Love thy strangers

The pavement is wet and smells like elementary school heads up seven up at recess, umbrellas dripping in tall vases by bell rigged storefront doors, plump rivulets of water streaming down steamed up attic windows. It smells like concrete and car oil and eucalyptus. It smells like seedlings stretching out their leaves and sighing chlorophyll-ish breath.

It has not rained in a month and tonight the black street glistens with promising dampness. The misty droplets hang in the air and populate the pools of orange beneath the street lights.
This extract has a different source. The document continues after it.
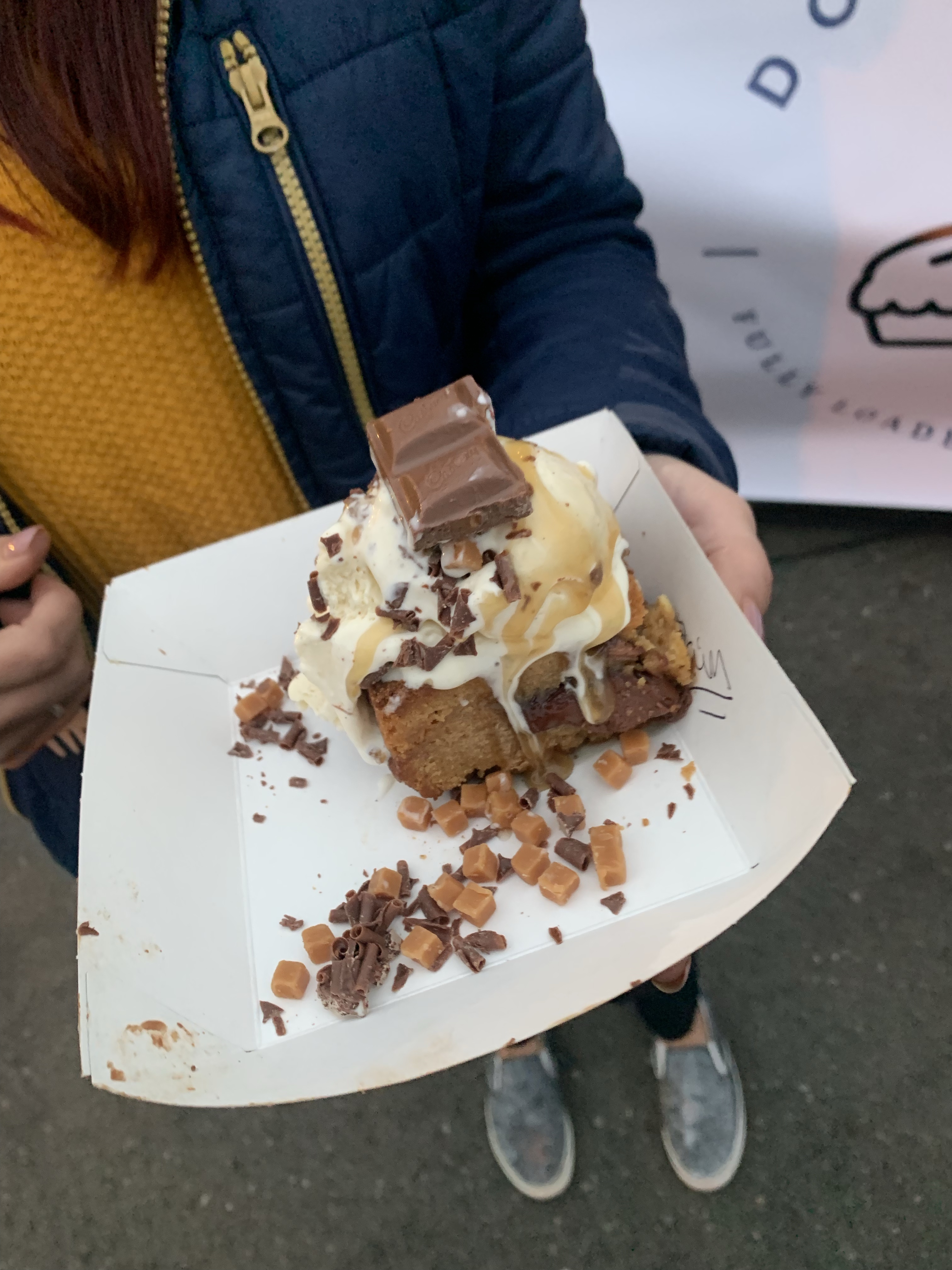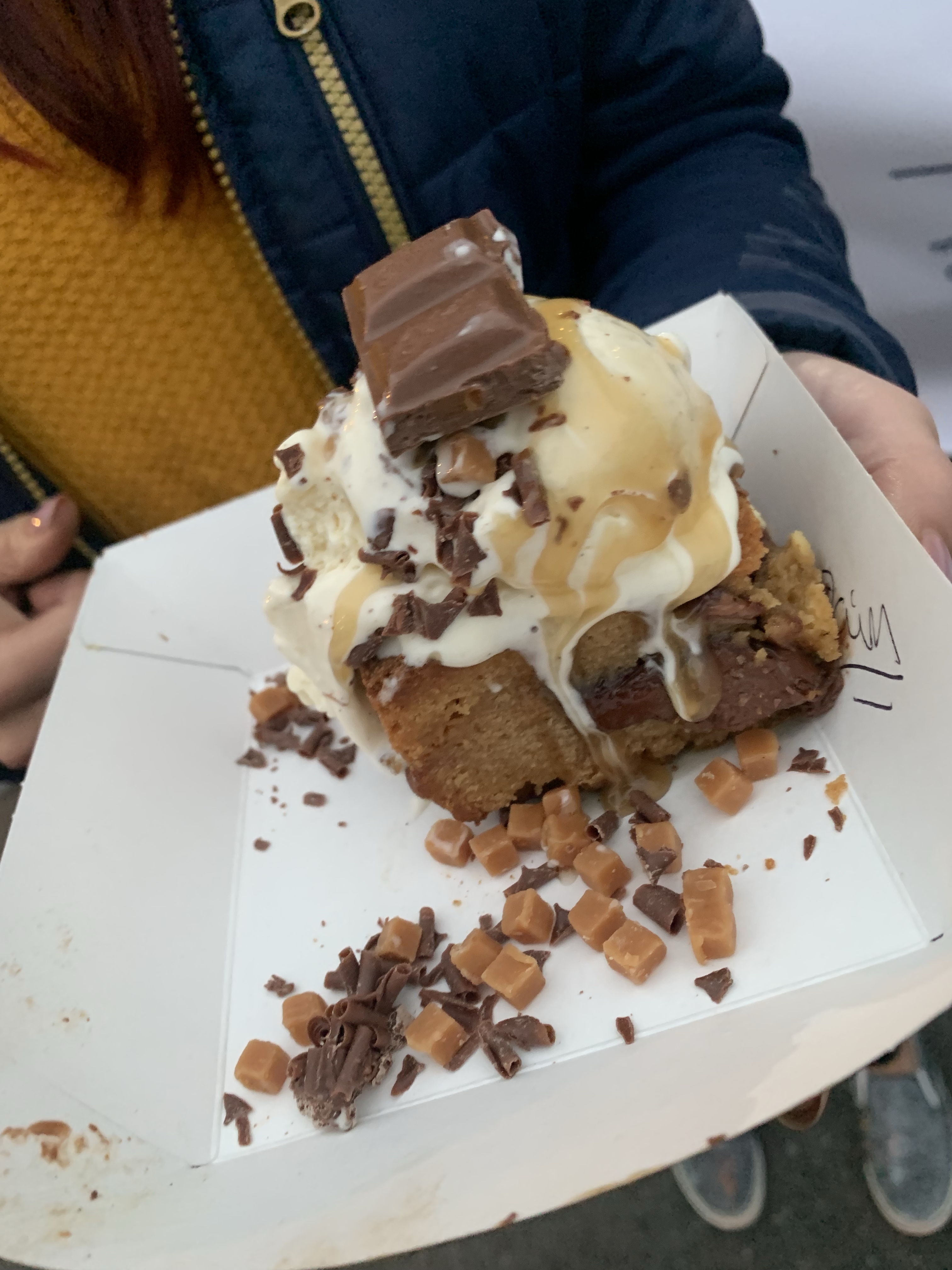 BUT. I could not leave Suppa Club without a dessert when they looked so amazing! Dough Bois, a local and fairly new pop-up food vendor, serves fantastic loaded cookie dough slices and they are so pleasing to the eye I had to have one! I went for the “Don’t Give a Daim” which was cookie dough filled with Nutella, topped with ice cream, caramel sauce, caramel and chocolate pieces and Daim bar. As someone that has a particular sweet tooth this was sickly, sweet and bloody gorgeous. It did defeat me a little though so Ben had to finish it off but I am so glad I tried it!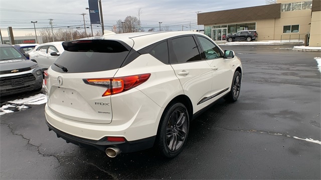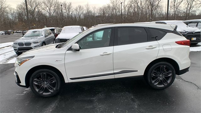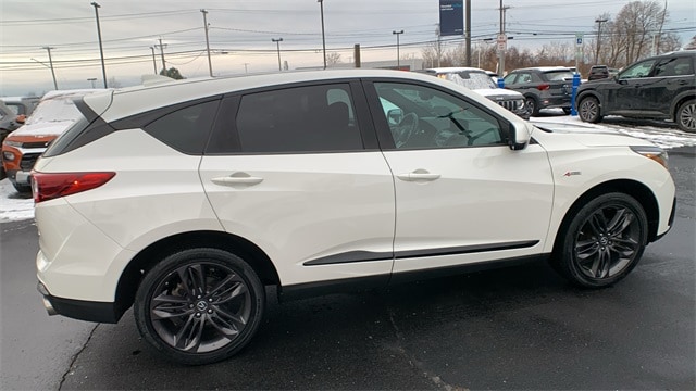 White Diamond Pearl 2019 Acura RDX A-Spec Package SH-AWD AWD 10-Speed Automatic 2.0L 16V DOHC AWD, 16 Speakers, 4-Wheel Disc Brakes, 4.17 Axle Ratio, ABS brakes, Air Conditioning, Alloy wheels, AM/FM radio: SiriusXM, Apple CarPlay, Auto High-beam Headlights, Auto-dimming Rear-View mirror, Automatic temperature control, Brake assist, Bumpers: body-color, Compass, Delay-off headlights, Driver door bin, Driver vanity mirror, Dual front impact airbags, Dual front side impact airbags, Electronic Stability Control, Emergency communication system: AcuraLink, Exterior Parking Camera Rear, Four wheel independent suspension, Front anti-roll bar, Front Bucket Seats, Front Center Armrest, Front dual zone A/C, Front fog lights, Front reading lights, Fully automatic headlights, Garage door transmitter: HomeLink, Heated & Ventilated Front Sport A-Spec Seats, Heated door mirrors, Heated front seats, Illuminated entry, Knee airbag, Lane departure: Lane Keeping Assist System (LKAS) active, Low tire pressure warning, Memory seat, Navigation system: Acura Navigation System with Voice Recognition, Occupant sensing airbag, Outside temperature display, Overhead airbag, Overhead console, Panic alarm, Passenger door bin, Passenger vanity mirror, Power door mirrors, Power driver seat, Power Liftgate, Power moonroof, Power passenger seat, Power steering, Power windows, Premium audio system: ELS Studio 3D, Premium Ultrasuede-Trimmed Interior, Radio data system, Radio: ELS Studio 3D Premium Audio System, Rear anti-roll bar, Rear reading lights, Rear seat center armrest, Rear window defroster, Rear window wiper, Remote keyless entry, Security system, Speed control, Speed-sensing steering, Speed-Sensitive Wipers, Split folding rear seat, Spoiler, Steering wheel mounted audio controls, Tachometer, Telescoping steering wheel, Tilt steering wheel, Traction control, Trip computer, Turn signal indicator mirrors, Variably intermittent wipers, Ventilated front seats, Wheels: 20" x 8" Shark Gray Split 5-Spoke.

I walk out of the house on the corner on the hill, windows lit up with scattered lamps and glowing faces.
It is Sunday and I am happily tired and a little buzzed on good beer and companionship.
It is January and I am in love with San Diego artists, activists, foodies, writers.

I walk out of the house and my mind is buzzing with gatherings and formulating organizations, ideas, and flying to Kenya and delving into storied folds within my own hooded head.

There are some days when you want to hug everyone (and sometimes you do) and proclaim,
You are my people!
and you want to continue to hold space and dance in thoughts and talk in rhythms. You want to fold everyone into you pocket and take the energy, the goodness, the warmth and smiles with you into the night. And you pack up your bag and wrap your coat a little tighter and stride out the door knowing that they'll miss you too.

I drive: wipers flopping to and fro, dotted lines on the road melting into the shiny slick blackness of the asphalt, BBC tones on the radio reminding me of being at sea in the middle of the night in the middle of lots of water and little land.
I am smiling because a jar of honey sits on the seat next to me and words off other writers' pages trip through my head. I helped organize, cook for, make a success this Honeyfest and our goodbyes were full of hope and a sweet sadness. Then up the hill I sat on the floor of a house I'd never seen with dozens of others and listened to stories from trembling hands and open hearts.

I don't know (many) most of them, but these, at least for this night, this moment, are my people. Just as the rain sinks into the soil and nourishes the seedlings, I can feel this community feeding my roots, allowing me to grow stronger and deeper every day.